Answering the phone, An Ran was the first to speak, my mind seemed to be seen through by An Ran, it turned out that she had always known ah, it turned out that before we knew it, we had begun to slowly and truly understand each other.
"Enron, thank you, I really didn't mean it this morning."
I know that Enron is not angry about what happened this morning, but I still want to explain it to Enron through voice, and I hope she doesn't think too much about it.
"Sheng Yixuan, since I chose you, I will naturally believe you, do you remember when you asked me why I promised to be with you in the future?"
"Today, I want to take this opportunity to tell you."
"I'm like you, and in everyone's eyes, I always seem to be the well-behaved and sensible type, but I'm not. This is just a disguise that has been built up by the expectations of parents and teachers. ”
"But your appearance seems to have slowly made me realize that I am who I am, and I don't need to change myself for anyone."
"I used to envy this kind of love, the boy had a hundred yuan but used ninety-nine yuan to buy candy for the girl, and before we were together, you became the one who could use most of the living expenses to make me happy."
"I'm not material, I just can't believe it, we two stranger giants who didn't know each other can do so much to make me happy, I think you must be a very gentle boy, that's what I want."
"Sometimes I wonder if I liked you before you liked me.
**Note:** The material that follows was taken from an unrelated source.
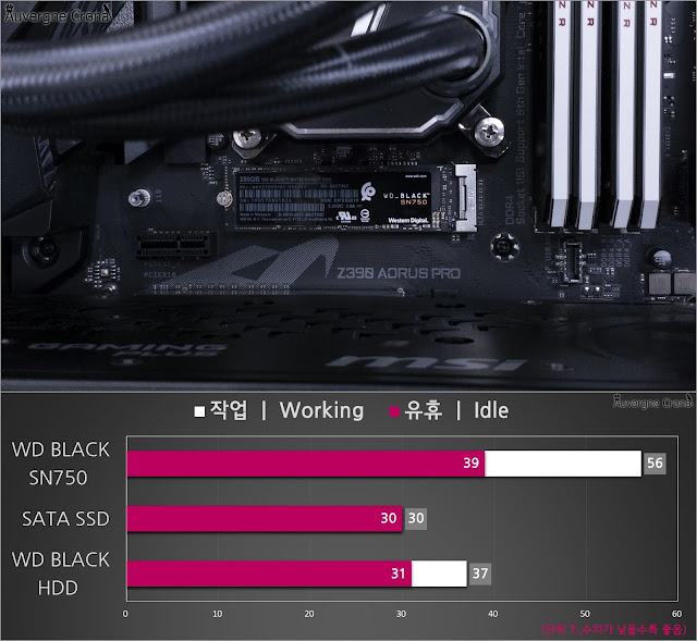 ¡ã ¸ðµç ¼Óµµ ÃøÁ¤ÀÌ ³¡³ª°í ³ ÈÄ, °¢ ÀúÀå ÀåÄ¡ÀÇ ¿Âµµ¸¦ ÃøÁ¤Çß½À´Ï´Ù. ÃøÁ¤ ÇÁ·Î±×·¥Àº CPUID HWMonitor°¡ »ç¿ëµÇ¾ú½À´Ï´Ù. SATA SSD¿Í HDD´Â ÄÉÀ̽º ÇÏ´Ü¿¡¼ º°µµÀÇ Äð¸µÀ» ¹ÞÁö¸¸, SN750Àº ÇÁ·Î¼¼¼ ¹Ù·Î ¾Æ·¡¿¡ ÀåÂøµÇ¾î ÀÖ¾î, ¾Æ¹«·¡µµ ¹ß¿À» ÇØ¼ÒÇϱ⠽±Áö ¾Ê½À´Ï´Ù. ±×·³¿¡µµ ºÒ±¸Çϰí, ÃøÁ¤ ½Ã ÃÖ´ë 56µµ¸¦ ±â·ÏÇßÀ¸¸ç, À¯ÈÞ ½Ã¿¡´Â 39µµ·Î ÃøÁ¤µÇ¾ú½À´Ï´Ù. ÇØ´ç ¸ðµ¨Àº ¹æ¿ÆÇÀÌ Å¾ÀçµÇÁö ¾ÊÀº ¸ðµ¨·Î, 500GB¿Í 1TB ÀÌ»óºÎÅÍ EKWBÀÇ ¹æ¿ÆÇÀÌ ¿É¼ÇÀ¸·Î ´Þ¸®±â ¶§¹®¿¡, ¿Âµµ¿¡ ¹Î°¨ÇϽôٸé Àû±Ø Ãßõµå¸³´Ï´Ù. ¶Ç, SN750Àº ¿ë·®ÀÌ Ä¿Áú¼ö·Ï, ¾²±â ¼Óµµ°¡ Çâ»óµÇ±â ¶§¹®¿¡, 250GBÀÇ ¼º´É Â÷À̸¦ È®ÀÎÇϼ̴ٸé, ±× ÀÌ»óÀÇ Á¦Ç°µµ °í·ÁÇØº¸½Ã±æ ¹Ù¶ø´Ï´Ù.

So we really like each other, and it's not because of your sudden confession that I have to say yes. ”
"But now, we are all still studying and working hard for our dreams. Therefore, in order for us to be better together in the future, you must transfer to my school, and I must go to graduate school in this school. ”
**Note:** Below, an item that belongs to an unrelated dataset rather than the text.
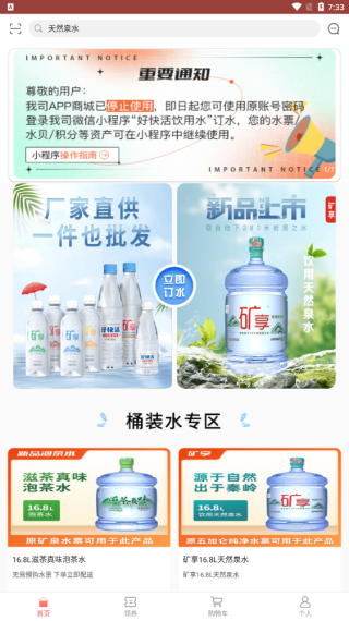 2、预订功能,可以让用户在线预指定水厂的桶装水;

"At that time, we will no longer be the online dating that others say, and we will not be in a long-distance relationship without a sense of security."
An Ran talked endlessly, and I listened silently like this, and I couldn't bear to interrupt.
Enron's words reveal his liking for me all the time, as if because of this, I feel like I have taken a reassuring pill.
"Enron, I like you very much too, so you are by no means a one-way liking."
Enron gave me reassurance, and I will naturally give Enron reassurance.
It turns out that our liking is really mutual, and it turns out that we are intruding into each other's lives, rather than one-way intruding into each other's lives and causing trouble to each other.
The moment I heard An Ran say that she really liked me, I was inexplicably happy and excited!
It turns out that I am not the one who has been abandoned by the world.